• [Available data]:

━━━━━━━━━━

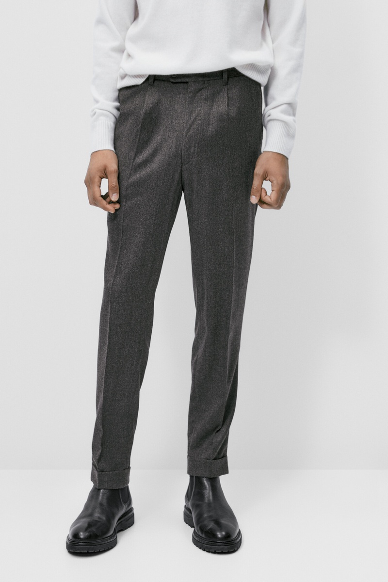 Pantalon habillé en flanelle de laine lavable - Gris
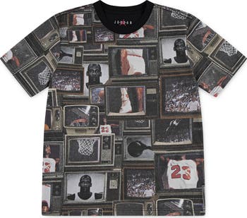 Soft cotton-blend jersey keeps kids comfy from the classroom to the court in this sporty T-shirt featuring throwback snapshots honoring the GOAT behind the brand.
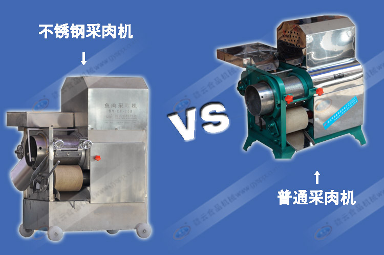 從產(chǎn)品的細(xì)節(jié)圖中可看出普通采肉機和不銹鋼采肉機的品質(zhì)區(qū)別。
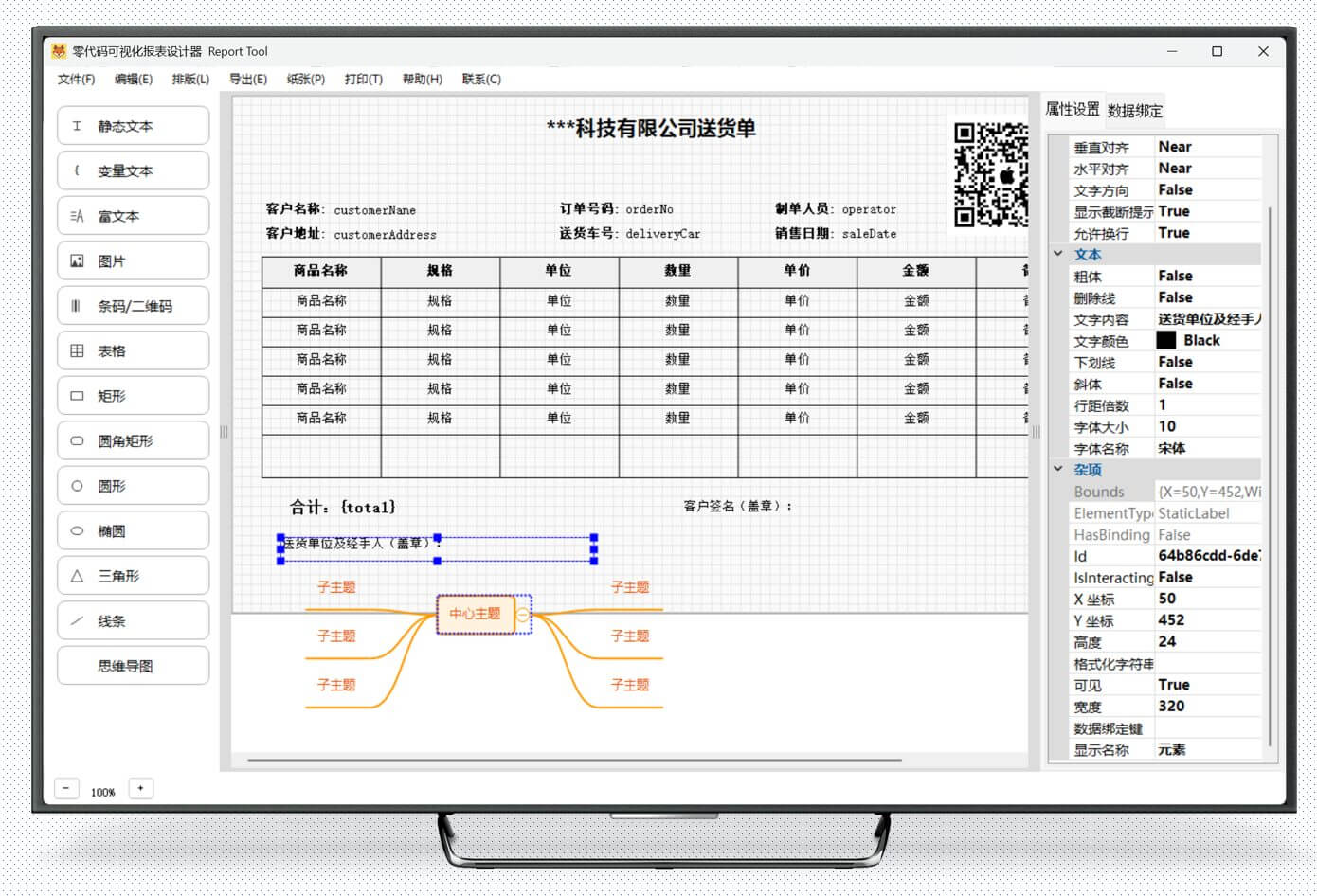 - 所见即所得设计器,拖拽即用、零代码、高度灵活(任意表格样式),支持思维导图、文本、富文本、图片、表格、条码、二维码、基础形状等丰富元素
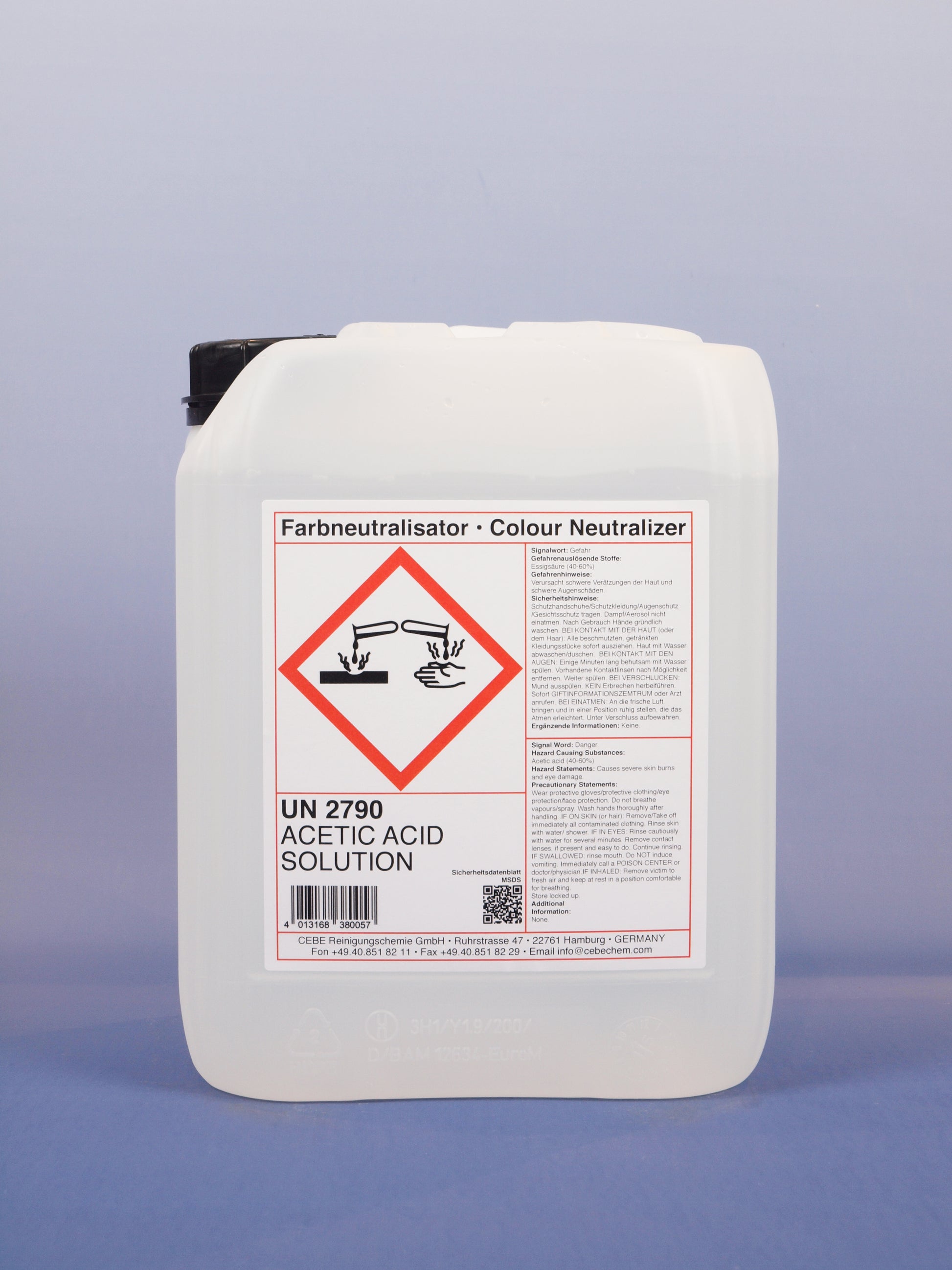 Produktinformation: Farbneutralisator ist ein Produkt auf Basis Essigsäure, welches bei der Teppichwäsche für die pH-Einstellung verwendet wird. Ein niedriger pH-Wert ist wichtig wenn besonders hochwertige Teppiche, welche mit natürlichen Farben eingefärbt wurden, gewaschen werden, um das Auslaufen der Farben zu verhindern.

━━━━━━━━━━

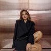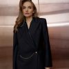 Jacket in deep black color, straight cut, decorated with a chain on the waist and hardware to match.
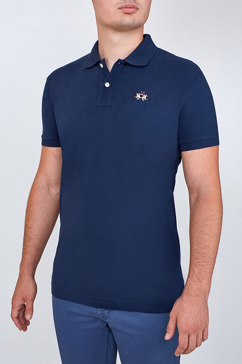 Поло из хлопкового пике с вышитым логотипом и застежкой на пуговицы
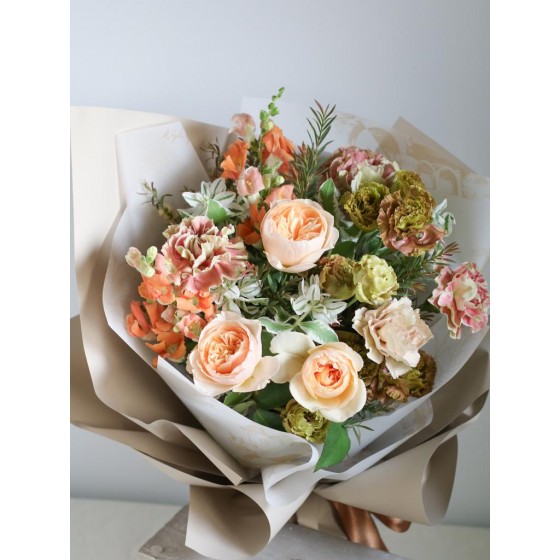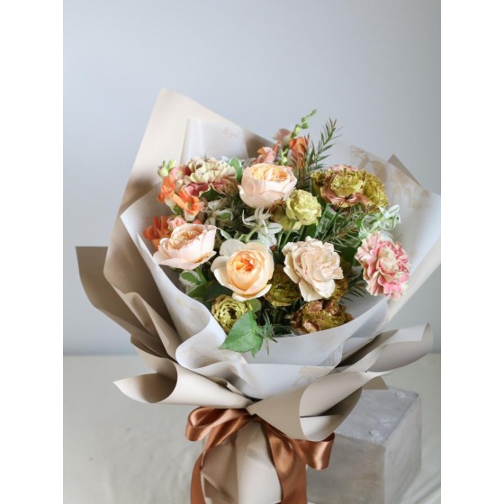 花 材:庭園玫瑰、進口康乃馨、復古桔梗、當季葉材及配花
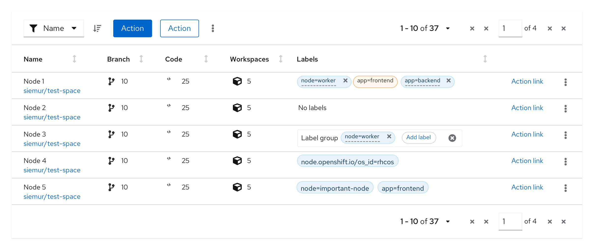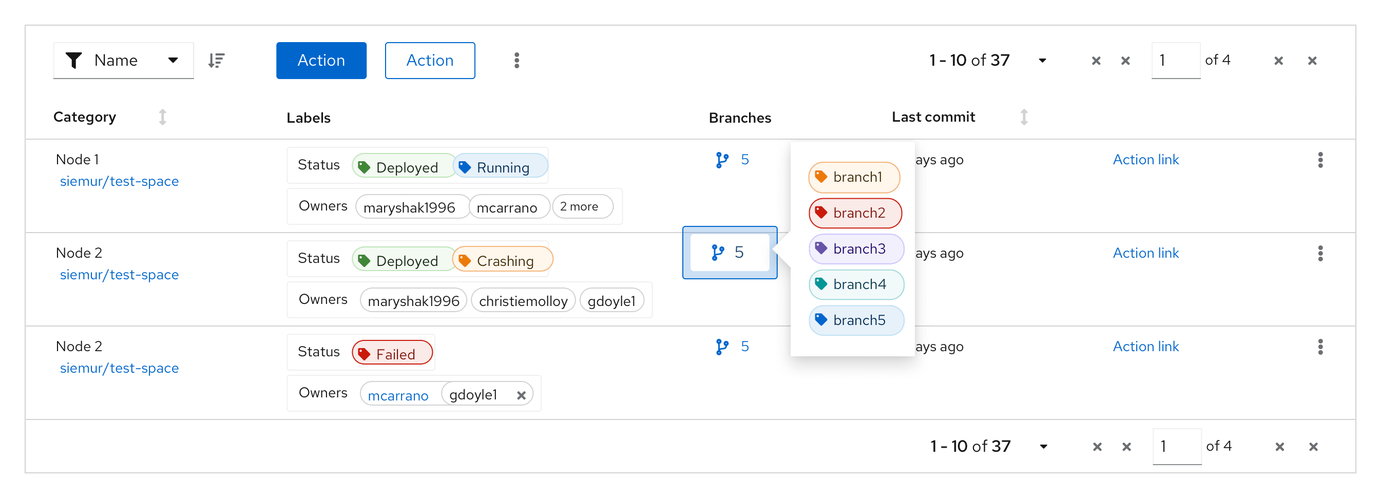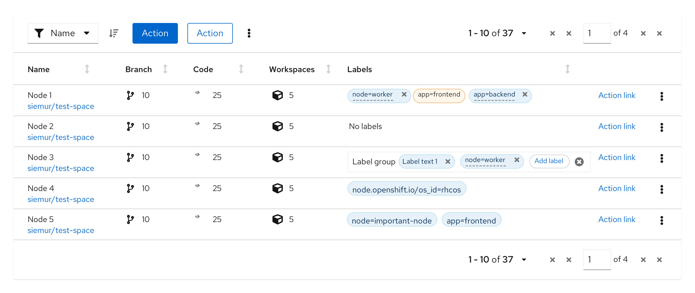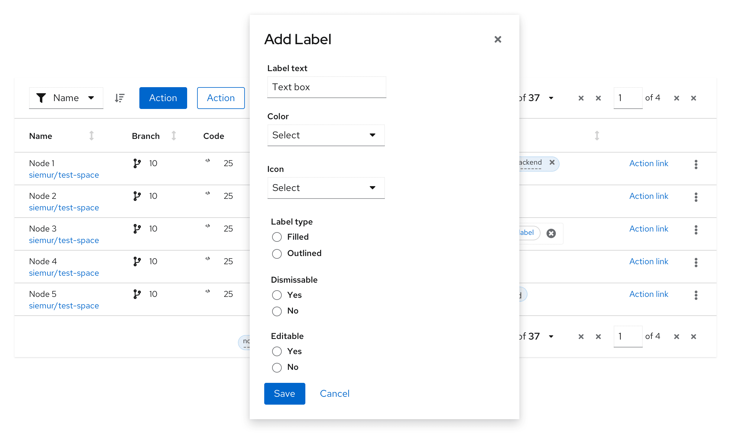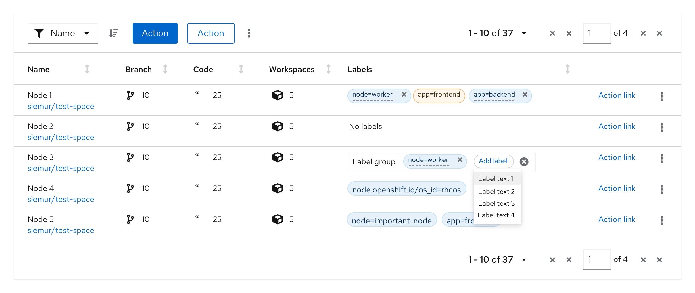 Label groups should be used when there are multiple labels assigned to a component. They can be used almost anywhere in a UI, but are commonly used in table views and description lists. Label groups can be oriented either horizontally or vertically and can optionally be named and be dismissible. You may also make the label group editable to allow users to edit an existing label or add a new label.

━━━━━━━━━━

• [Exercise details]:
Go back to the lines above and output, exactly as they stand, the ones from the line containing "Jacket in deep" to the line containing "Label groups should". Leave all pictures behind.

• [Response area]:
 Jacket in deep black color, straight cut, decorated with a chain on the waist and hardware to match.
 Поло из хлопкового пике с вышитым логотипом и застежкой на пуговицы
 花 材:庭園玫瑰、進口康乃馨、復古桔梗、當季葉材及配花
 Label groups should be used when there are multiple labels assigned to a component. They can be used almost anywhere in a UI, but are commonly used in table views and description lists. Label groups can be oriented either horizontally or vertically and can optionally be named and be dismissible. You may also make the label group editable to allow users to edit an existing label or add a new label.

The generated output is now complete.